Boston Acoustics 525V Centre Speaker

Boston Acoustics' top center-channel model is in the conventional horizontal mold, but instead of the usual dual woofers it has a single woofer and a similarly sized passive radiator flanking a small, wide-dispersion dome tweeter. (The tweeter is the same one used in the company's HD5 minispeaker, and the woofers are very similar except that the HD5 is an acoustic-suspension system.) The idea is to prevent the off-axis response irregularities that can occur when the outputs of two or more drivers covering the same frequency range interfere with each other. Boston Acoustics also says that the Model 525v was designed and balanced in position on top of a large-screen direct-view TV, to account for the effect of the acoustically reflective video screen on its output.

The 525v's cabinet is simple and unadorned, with a black woodgrain vinyl finish and a black knit grille plus a single "style" element: the distinctively beveled corners found on all the company's HD series loudspeakers. The package is more than usually compact and quite attractive.

The 525v's sonic performance was exemplary in almost every respect. Tonal balance was natural, open, and detailed, with highly articulated top octaves; it matched my left/right pair very well, though with a touch less precision in the highest-treble sounds. The midrange was open and transparent, perhaps even a touch prominent in its upper reaches-not necessarily bad for a center-channel speaker. The bottom end (to about 100 Hz) was solid and defined, without the artificial upper-middle bass hump that many small speakers use to give the impression of better bass response than they really have.
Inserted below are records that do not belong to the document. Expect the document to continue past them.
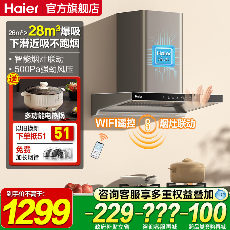 海尔T11Pro抽油烟机灶具套装燃气煤气灶吸油烟机一体以旧换新补贴
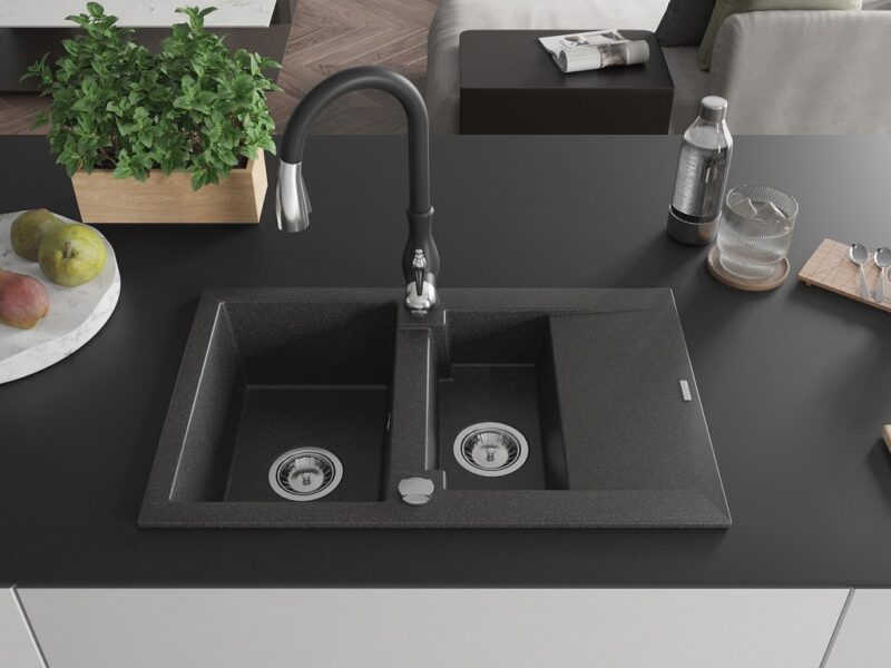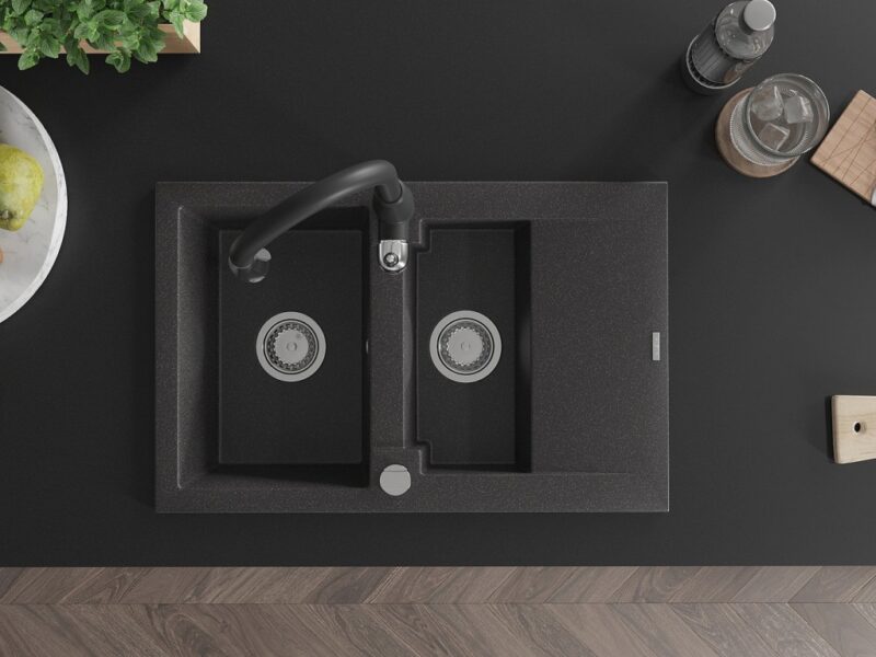 Technické dáta: drez: Rozmer: 737x475x177mm Hĺbka komory: 167 mm (väčšia), 107 mm (menšia) Rozmery komory: 395×272 mm (väčšie), (menšie) 375×182 mm Priemer odtoku: ø90 mm Typ: 1,5-miska s krátkym odkvapkávačom Typ: Zapustené do pracovnej dosky Farba: Škvrnitá čierna Povrchová úprava sifónu: Chrome Materiál: žula (80% žulové kamenivo, 20% živice) Prepadový otvor: Áno Otvory: (batérie, automatické) 2 Inštalácia: Univerzálna, je možné inštalovať s odkvapkávačom na ľavú alebo pravú stranu Vysoká odolnosť proti poškriabaniu a zmene farby Odolnosť proti tepelným šokom Ľahko čistiteľný povrch kuchynská batéria: Materiál: mosadz Čierna farba Hlava: Keramická Prevzdušňovač: Áno Typ: Jedna páka Výška batérie: 410 mm Rozsah výtoku: 231 mm(GT) Ean: 5905315034410
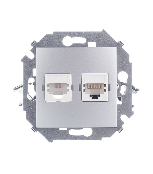 Розетка компьютерная/ телефонная Simon 15 встраиваемая алюминий RJ11/ RJ45 (1591590-033)
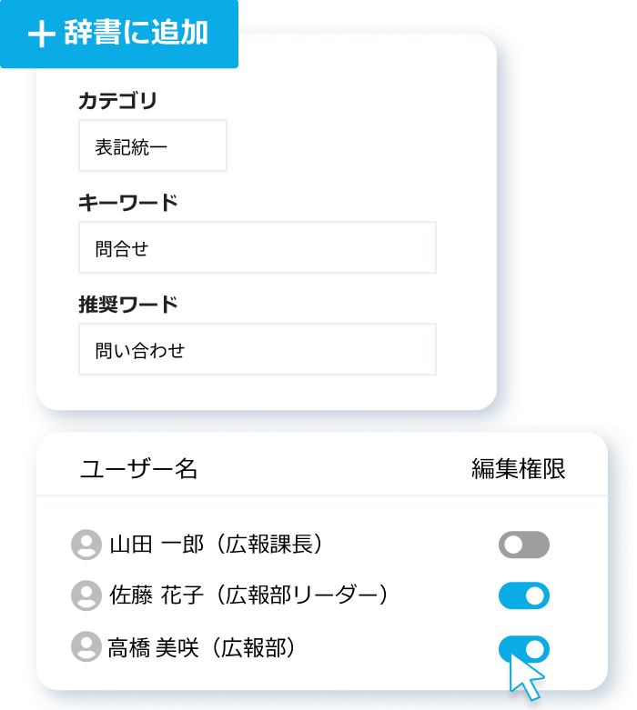 たとえば「特定の部署内ではNGとなっている言葉」や「社内では独自の定義を持つ言葉」を追加すれば、チームや組織の言葉・表記ルールの統一が期待できます。
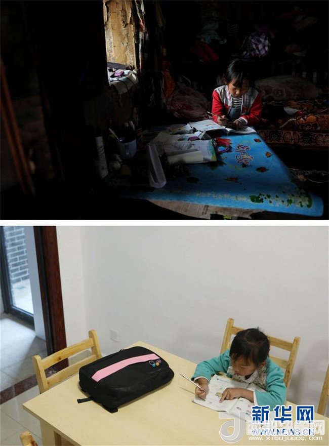 拼版照片:上圖為7歲的李曉彤在哈沖組的舊居內(nèi)做作業(yè)(4月27日攝);下圖為7歲的李曉彤在錦繡花都安置點(diǎn)新居內(nèi)做作業(yè)(5月7日攝)。
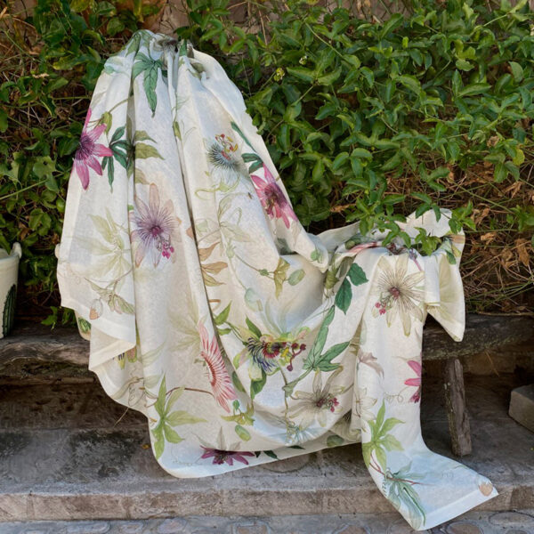 Immergiti nell’atmosfera estiva con la nostra tovaglia di lino Granadilla, impreziosita da vivaci disegni di fiori e frutti della passione. Eleganza e freschezza si fondono per una tavola luminosa e frizzante.
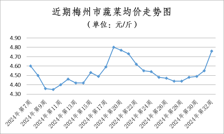 蔬菜價格漲幅擴大。監測的30種蔬菜呈“26升3降1平”,零售均價為4.76元/斤,環比上升4.62%。
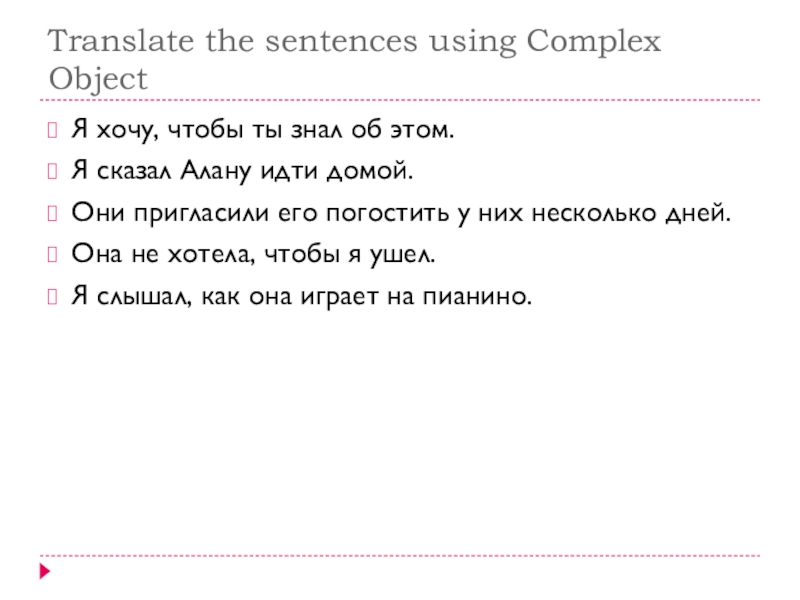 Translate the sentences using Complex ObjectЯ хочу, чтобы ты знал об этом.Я сказал Алану идти домой.Они пригласили
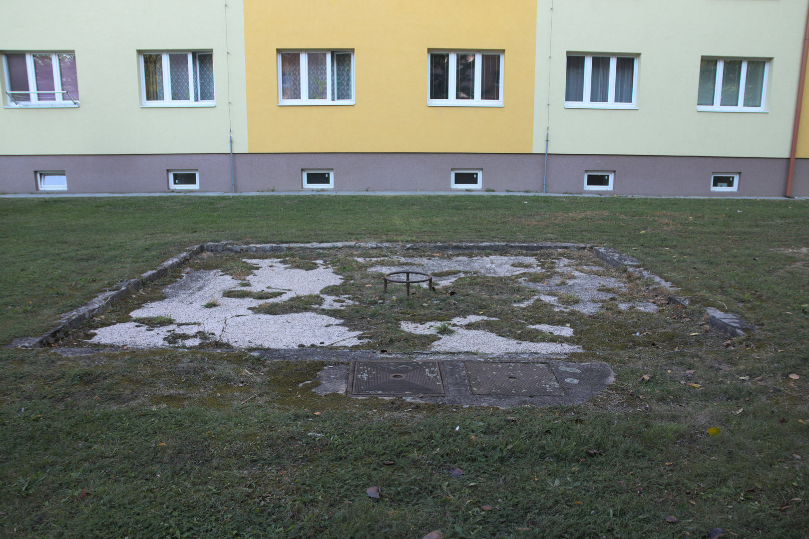 Nebýt podivného umístění, dal by se masivní betonový objekt považovat za podstavec pozůstalý po soše titánských rozměrů. Po vystřízlivění z romantických představ je potřeba si přiznat, že pod kompenzačním ohybem parovodu je nadzemní protiletecký kryt pro ukrytí zaměstnanců nádraží. Zkosení silného stropu bylo nejspíš zamýšleno k odražení přímého zásahu, avšak aby tento efekt byl úplný, musel by mít kryt tvar pyramidy.
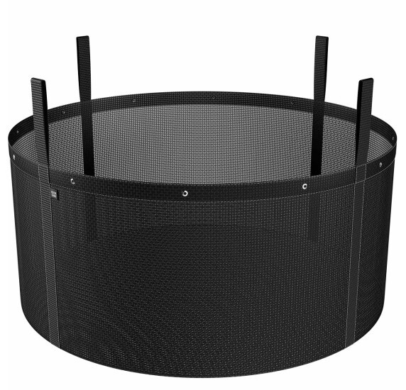 Vaso confeccionado com tela feita com fios de poliéster com revestimento de PVC com alta tenacidade, duráveis e resilientes. Esse material é extremamente resistente e flexível, mas tem muito pouca elasticidade, o que significa que não deforma nem rasga sob pressão. Seu revestimento vinílico de PVC também significa que o tecido tem bom desempenho em todo tipo de clima. Especialmente desenvolvido para áreas externas
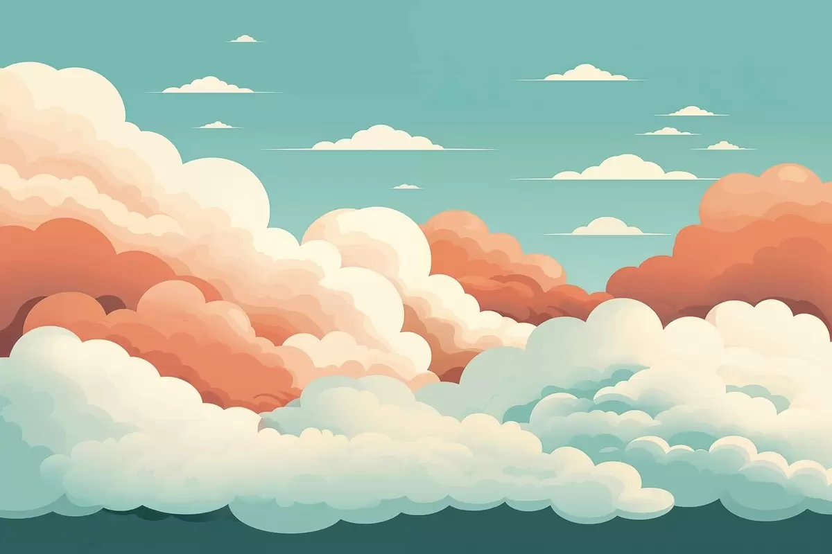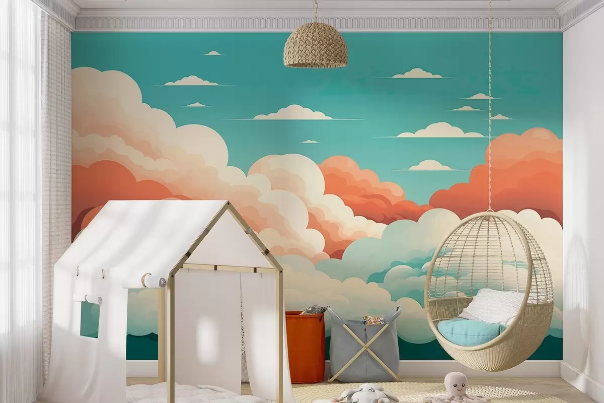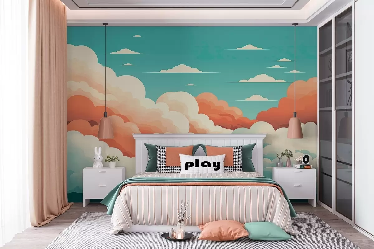 Wall murals Whimsical cartoon-style clouds under a blue sky Nr. w09246
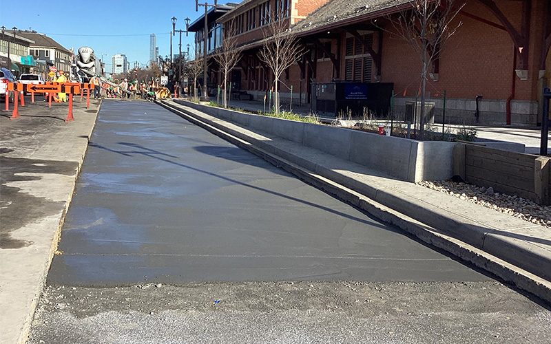 The reconstruction phase included the removal and rebuilding of both the roadway and sidewalks. Changes also incorporated improved traffic signalling, along with new landscaping elements like trees and streetlights.
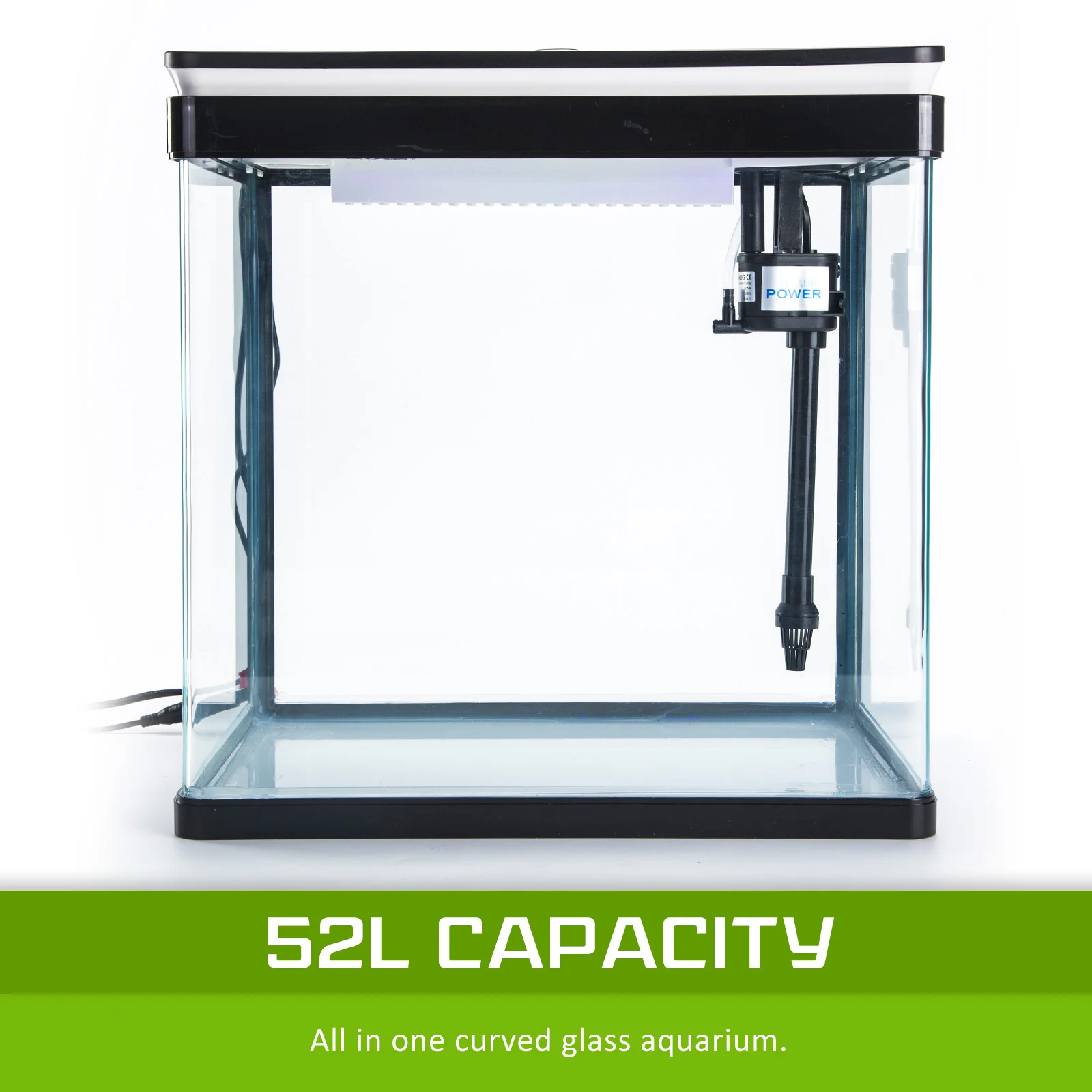 This Dynamic Power 52 litres all in one Curved Glass aquarium will make a beautiful feature in your home or work place. It comes complete with everything you need to enjoy the pleasure of designing and maintaining your very own aquarium.

The 525v handled high input power very well, producing no untoward noises with midrange inputs of 100 watts or more. Intense low frequencies (approaching 200 watts peak) did cause audible woofer distress, so using a subwoofer or Dolby Pro Logic's Normal center mode, which sends deep center-channel bass to the left and right front speakers, is probably a good idea. The speaker's radiation pattern was unusually even, with no serious change in midrange timbre until I moved beyond about 30 degrees off-axis-equivalent to sitting on the end of a 15-foot sofa in my setup. Lateral panning was smooth and well integrated.

All in all, the Boston Acoustics 525v is a very fine-sounding center speaker that should blend well with any but unusually dull-sounding main front speakers. Free of sibilance and chestiness, it's eminently suited to the task of center-channel reproduction in even ambitious home theater systems-a good value, too.